県内を彷徨っていたところを保護されたそうです。飼い犬と思われますが、おおよそ愛されていたとは思えない様子。収容期限が過ぎても飼い主が名乗り出ることはありませんでした。

動物愛護センターはお正月であっても委託職員は来ていますが、どうしてもお世話する人の数が少なくなります。また、保護などはお正月明けになることもあるため、保護団体・Delacroix Dog Ranch(以下、D.D. Ranch)のメンバーは「せめてリコッタだけでも」と申し出てお正月前に急遽引き出すことにしました。

「久々にヤバいワンコが来た」

飼い主に捨てられ、恐怖を抱えながらひとりぼっちで彷徨っていたリコッタの心の傷はそう簡単には癒えません。リコッタは引き出したメンバーの家で過ごすことになりましたが、家に着いた後、けたたましくずっと吠え続けました。

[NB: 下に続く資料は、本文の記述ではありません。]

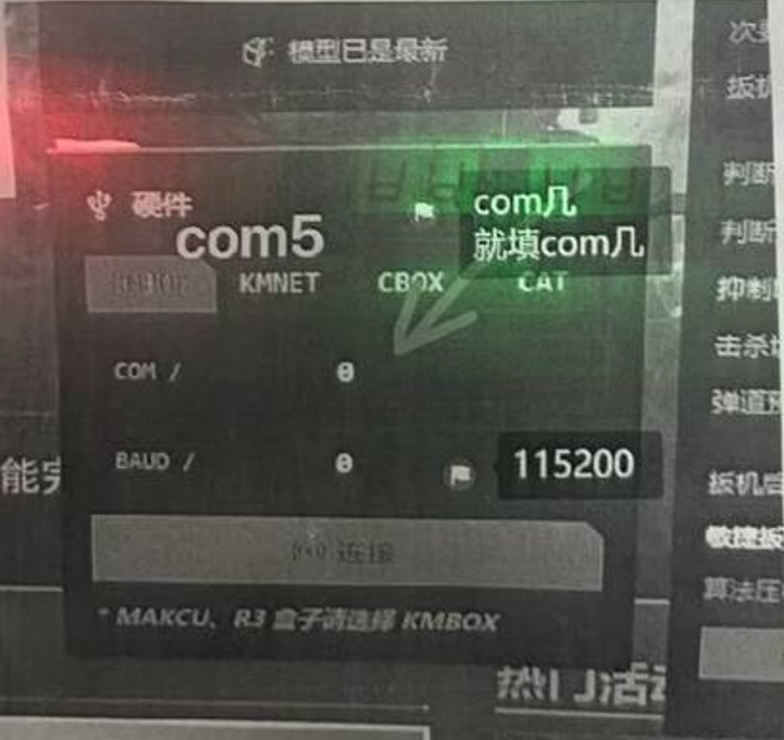 连接方式选择KMBOX B+,波特率填115200,COM端口你是几就填几,然后点击连接

多くのワンコの世話をしてきたメンバーは、「久々に手ごわいワンコが来た」と思う一方、「大丈夫。ここまでに背負った心の傷の倍返しでたっぷり甘えさせてあげる」とし、根気強く接する覚悟を決めました。

甘えていたかと思いきや急に「僕もう寝ます」

当初こそ大荒れのリコッタでしたが、メンバーからのたっぷりの愛情、そして他のワンコたちとのコミュニケーションから、数日後には「あれ。ここは悪い場所じゃないかも」「むしろ僕を甘やかせてくれる人たちなのかも?」と察してくれたのか、徐々に本来の社交的で、甘ん坊な性格を見せてくれるようになりました。

少しずつ心を開いてくれるようになったリコッタに目を細めるメンバーでしたが、警戒心が解けると別の問題も浮上しました。健康を取り戻したリコッタはとにかくヤンチャでマイペースなのです。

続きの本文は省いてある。